[Work instructions] Every word in the data below belongs in your copy, exactly as given; the pictures do not.

[Source material]

*** Block opens ***

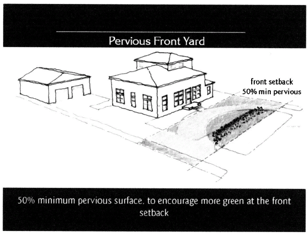 Buildings, accessory structures, patios, decks, drives and other impervious surfaces shall not cover more than 50 percent of the total land area of the lot and at least 50 percent of the front yard area must consist of pervious surfaces with landscaping material. In any area of the front yard hard surfaces such as concrete, asphalt, brick, pavers or similar materials, and driveways with stone or gravel may cover a maximum of 50 percent of the front yard area. Any areas outside of the defined driveway and walkways, shall contain landscaping materials. Mulch drives are prohibited. The front yard area includes that area between the front lot line and the front wall(s) or front porch of the home.
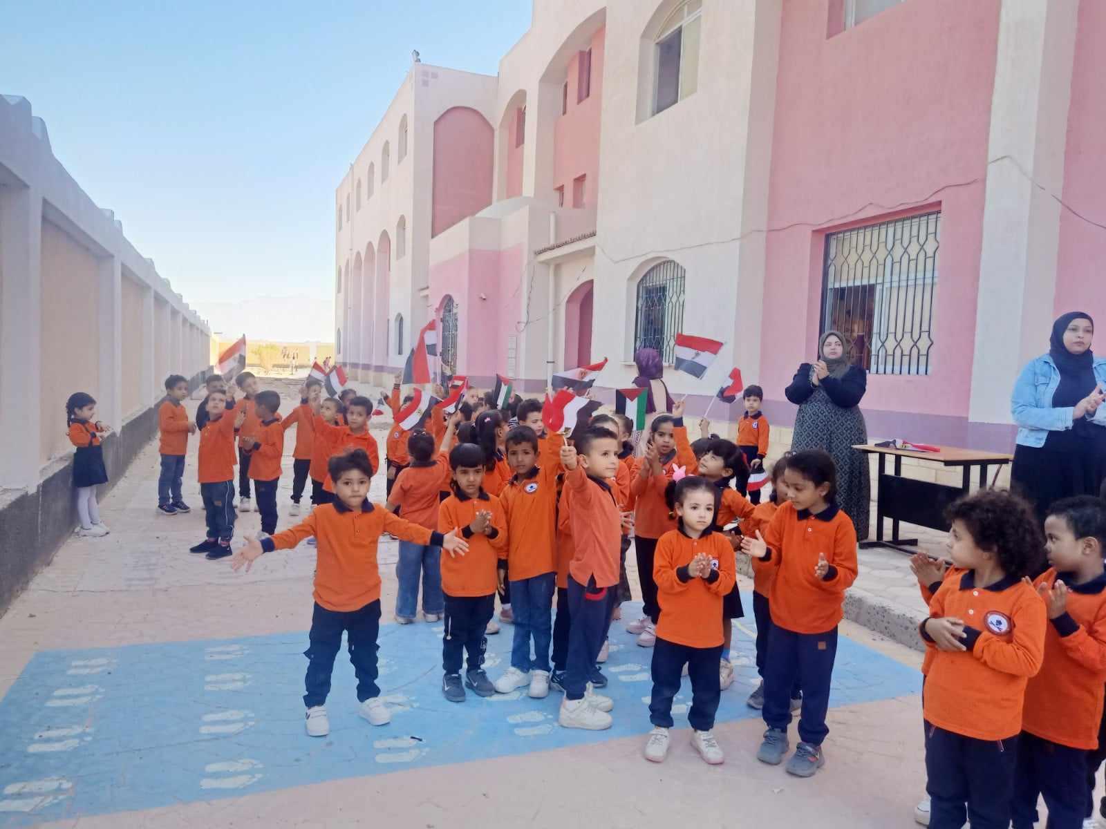 رسم أطفال مدرسة المروة المتميزة بجنوب سيناء، كلمة "فلسطين" بأجسادهم، تضمانًا مع مواطني غزة، الذين يتعرضون للقصف من قبل الاحتلال الإسرائيلي.
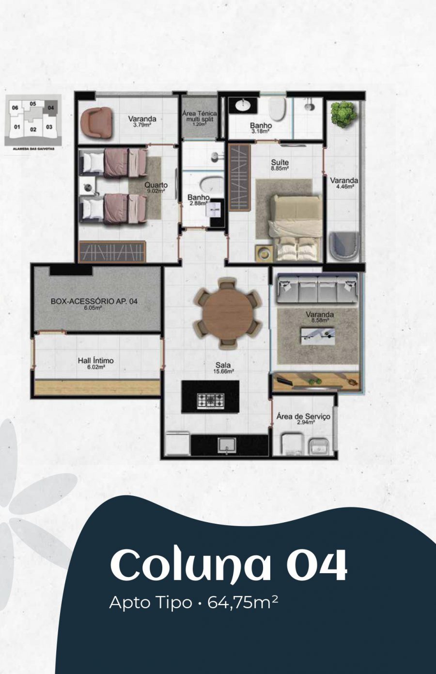 Projetados com acabamentos de alta qualidade, os apartamentos da coluna 04 possuem uma excelente disposição que maximiza a luz natural e a ventilação, criando um espaço acolhedor e agradável para viver.
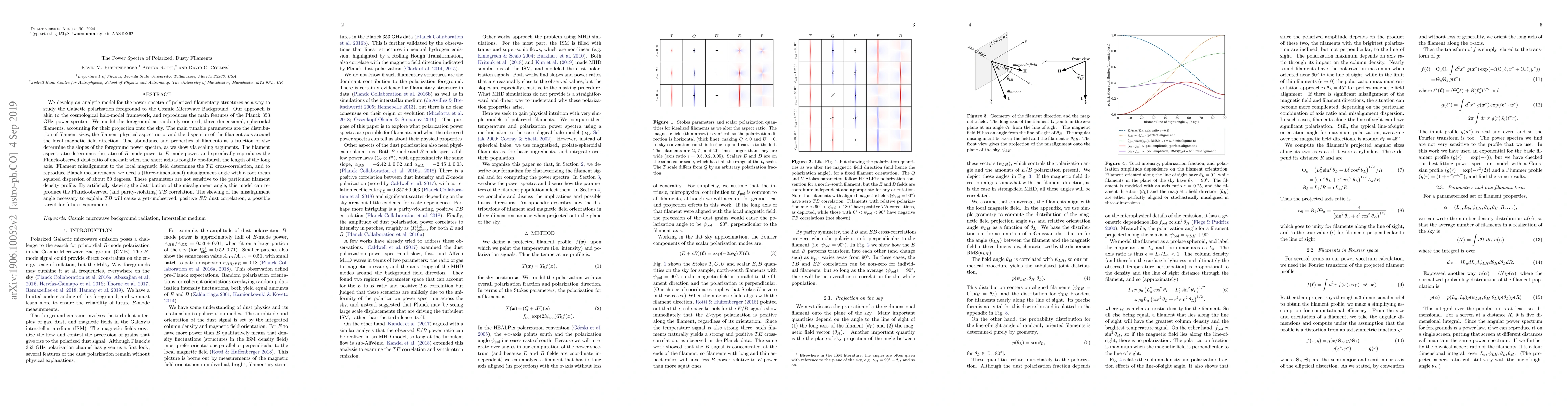 We develop an analytic model for the power spectra of polarized filamentary structures as a way to study the Galactic polarization foreground to the Cosmic Microwave Background. Our approach is akin to the cosmological halo-model framework, and reproduces the main features of the Planck 353 GHz power spectra. We model the foreground as randomly-oriented, three-dimensional, spheroidal filaments, accounting for their projection onto the sky. The main tunable parameters are the distribution of filament sizes, the filament physical aspect ratio, and the dispersion of the filament axis around the local magnetic field direction. The abundance and properties of filaments as a function of size determine the slopes of the foreground power spectra, as we show via scaling arguments. The filament aspect ratio determines the ratio of $B$-mode power to $E$-mode power, and specifically reproduces the Planck-observed dust ratio of one-half when the short axis is roughly one-fourth the length of the long axis. Filament misalignment to the local magnetic field determines the $TE$ cross-correlation, and to reproduce Planck measurements, we need a (three-dimensional) misalignment angle with a root mean squared dispersion of about 50 degrees. These parameters are not sensitive to the particular filament density profile. By artificially skewing the distribution of the misalignment angle, this model can reproduce the Planck-observed (and parity-violating) $TB$ correlation. The skewing of the misalignment angle necessary to explain $TB$ will cause a yet-unobserved, positive $EB$ dust correlation, a possible target for future experiments.

*** Block closes ***

[Written answer]
 Buildings, accessory structures, patios, decks, drives and other impervious surfaces shall not cover more than 50 percent of the total land area of the lot and at least 50 percent of the front yard area must consist of pervious surfaces with landscaping material. In any area of the front yard hard surfaces such as concrete, asphalt, brick, pavers or similar materials, and driveways with stone or gravel may cover a maximum of 50 percent of the front yard area. Any areas outside of the defined driveway and walkways, shall contain landscaping materials. Mulch drives are prohibited. The front yard area includes that area between the front lot line and the front wall(s) or front porch of the home.
 رسم أطفال مدرسة المروة المتميزة بجنوب سيناء، كلمة "فلسطين" بأجسادهم، تضمانًا مع مواطني غزة، الذين يتعرضون للقصف من قبل الاحتلال الإسرائيلي.
 Projetados com acabamentos de alta qualidade, os apartamentos da coluna 04 possuem uma excelente disposição que maximiza a luz natural e a ventilação, criando um espaço acolhedor e agradável para viver.
 We develop an analytic model for the power spectra of polarized filamentary structures as a way to study the Galactic polarization foreground to the Cosmic Microwave Background. Our approach is akin to the cosmological halo-model framework, and reproduces the main features of the Planck 353 GHz power spectra. We model the foreground as randomly-oriented, three-dimensional, spheroidal filaments, accounting for their projection onto the sky. The main tunable parameters are the distribution of filament sizes, the filament physical aspect ratio, and the dispersion of the filament axis around the local magnetic field direction. The abundance and properties of filaments as a function of size determine the slopes of the foreground power spectra, as we show via scaling arguments. The filament aspect ratio determines the ratio of $B$-mode power to $E$-mode power, and specifically reproduces the Planck-observed dust ratio of one-half when the short axis is roughly one-fourth the length of the long axis. Filament misalignment to the local magnetic field determines the $TE$ cross-correlation, and to reproduce Planck measurements, we need a (three-dimensional) misalignment angle with a root mean squared dispersion of about 50 degrees. These parameters are not sensitive to the particular filament density profile. By artificially skewing the distribution of the misalignment angle, this model can reproduce the Planck-observed (and parity-violating) $TB$ correlation. The skewing of the misalignment angle necessary to explain $TB$ will cause a yet-unobserved, positive $EB$ dust correlation, a possible target for future experiments.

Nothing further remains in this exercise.